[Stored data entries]

......

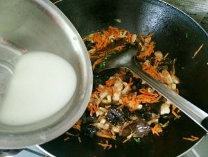 倒入煸炒好的菜丝
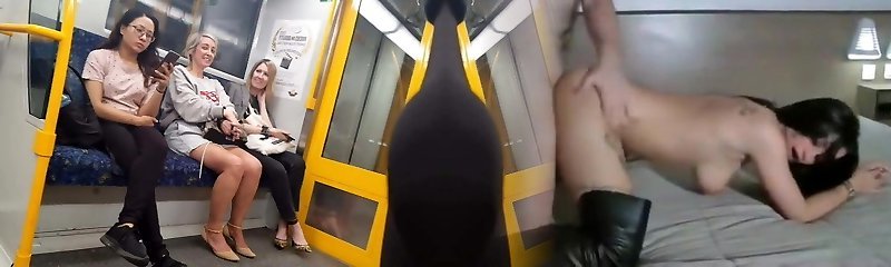 Amateur dark haired chick shows her donk and urinates in the public bus
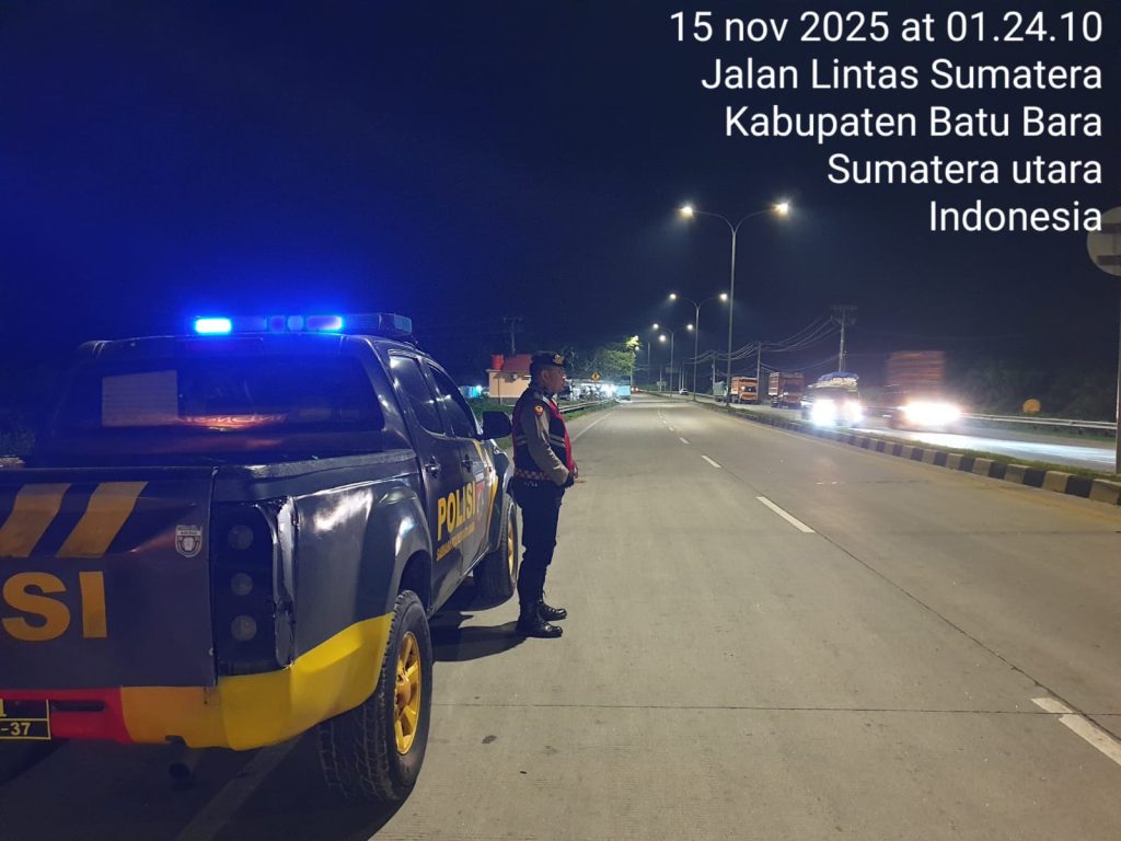 Personil Polres Batu Bara melaksanakan patroli kota presisi Blue Light Roda-4 guna mengantisipasi terjadinya 3C dan kejahatan lainnya di wilayah hukum Polres Batu Bara, Sabtu (15/11/2025) dini hari.
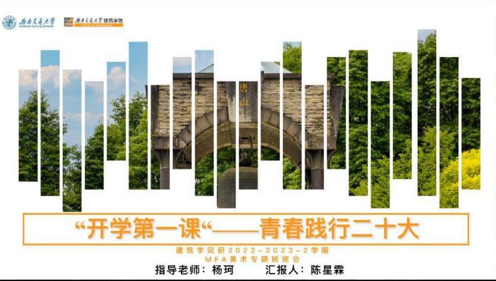 2022级MFA美术班于2023年3月7日,线上组织开展了“青春践行二十大”系列主题班会。班会紧紧围绕“爱国、团结、奋斗、科学、互助”五个关键词进行,班长陈星霖主持这次会议。
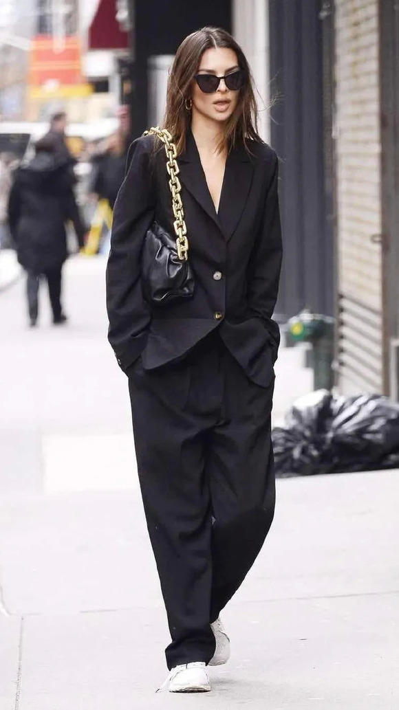 前不久话题超模Emily Ratajkowski就受Bianca的影响,穿着一身200美元的Zara吸烟装,把自己嫁了。

......

What you will do:
Copy exactly, leaving out pictures, the lines from the line containing "2022级MFA美术班于20" through the last line of the records.

Output:
 2022级MFA美术班于2023年3月7日,线上组织开展了“青春践行二十大”系列主题班会。班会紧紧围绕“爱国、团结、奋斗、科学、互助”五个关键词进行,班长陈星霖主持这次会议。
 前不久话题超模Emily Ratajkowski就受Bianca的影响,穿着一身200美元的Zara吸烟装,把自己嫁了。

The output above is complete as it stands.